### Directions:
This task calls for the lines below starting at the one containing "Пена для ванн" and ending at the one containing "由iCAN国际联盟、北京大学", repeated exactly with both ends kept and pictures left out.

### Source records:

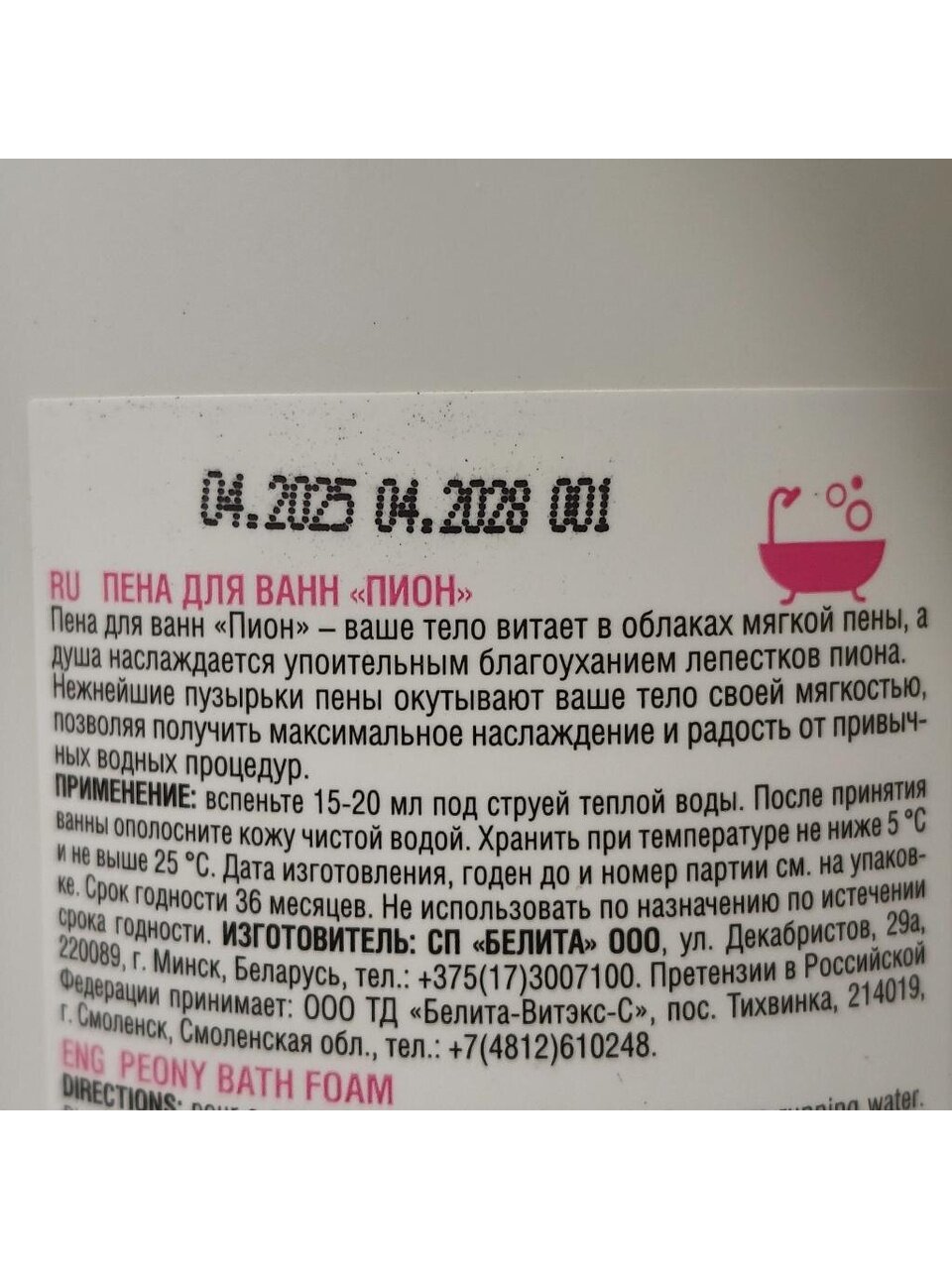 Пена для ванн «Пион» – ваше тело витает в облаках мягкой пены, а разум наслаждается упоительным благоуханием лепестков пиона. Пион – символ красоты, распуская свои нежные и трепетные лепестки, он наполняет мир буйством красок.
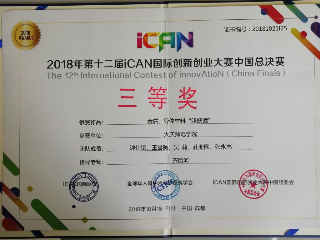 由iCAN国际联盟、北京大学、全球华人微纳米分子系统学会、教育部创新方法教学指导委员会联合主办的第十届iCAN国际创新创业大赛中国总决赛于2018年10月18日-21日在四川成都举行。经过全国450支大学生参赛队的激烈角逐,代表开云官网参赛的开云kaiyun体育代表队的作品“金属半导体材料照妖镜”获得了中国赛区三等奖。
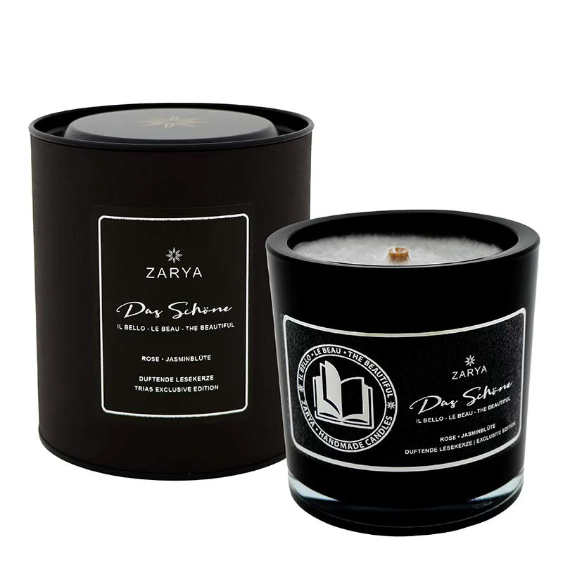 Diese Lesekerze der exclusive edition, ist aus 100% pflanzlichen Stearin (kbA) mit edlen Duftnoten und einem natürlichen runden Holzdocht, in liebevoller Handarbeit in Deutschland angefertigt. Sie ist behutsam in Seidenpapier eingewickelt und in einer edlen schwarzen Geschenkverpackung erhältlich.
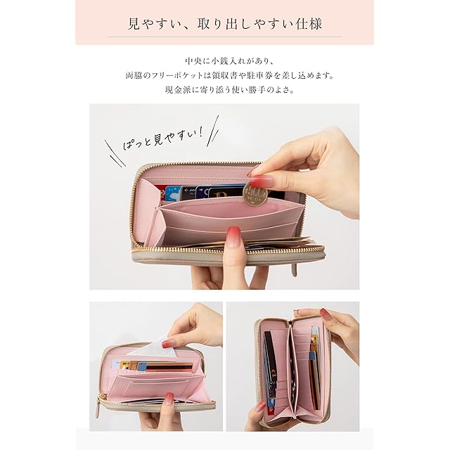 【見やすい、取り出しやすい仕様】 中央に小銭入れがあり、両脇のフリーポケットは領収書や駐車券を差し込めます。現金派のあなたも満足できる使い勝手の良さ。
...
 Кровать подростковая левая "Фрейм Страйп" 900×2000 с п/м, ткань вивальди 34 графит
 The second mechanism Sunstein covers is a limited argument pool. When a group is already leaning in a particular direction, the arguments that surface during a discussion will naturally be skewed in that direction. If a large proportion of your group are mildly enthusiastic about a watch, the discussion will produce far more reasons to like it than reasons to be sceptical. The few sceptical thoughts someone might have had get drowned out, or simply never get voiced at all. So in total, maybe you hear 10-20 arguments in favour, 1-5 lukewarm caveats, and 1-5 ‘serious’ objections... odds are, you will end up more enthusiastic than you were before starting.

### Solution for this problem:
 Пена для ванн «Пион» – ваше тело витает в облаках мягкой пены, а разум наслаждается упоительным благоуханием лепестков пиона. Пион – символ красоты, распуская свои нежные и трепетные лепестки, он наполняет мир буйством красок.
 由iCAN国际联盟、北京大学、全球华人微纳米分子系统学会、教育部创新方法教学指导委员会联合主办的第十届iCAN国际创新创业大赛中国总决赛于2018年10月18日-21日在四川成都举行。经过全国450支大学生参赛队的激烈角逐,代表开云官网参赛的开云kaiyun体育代表队的作品“金属半导体材料照妖镜”获得了中国赛区三等奖。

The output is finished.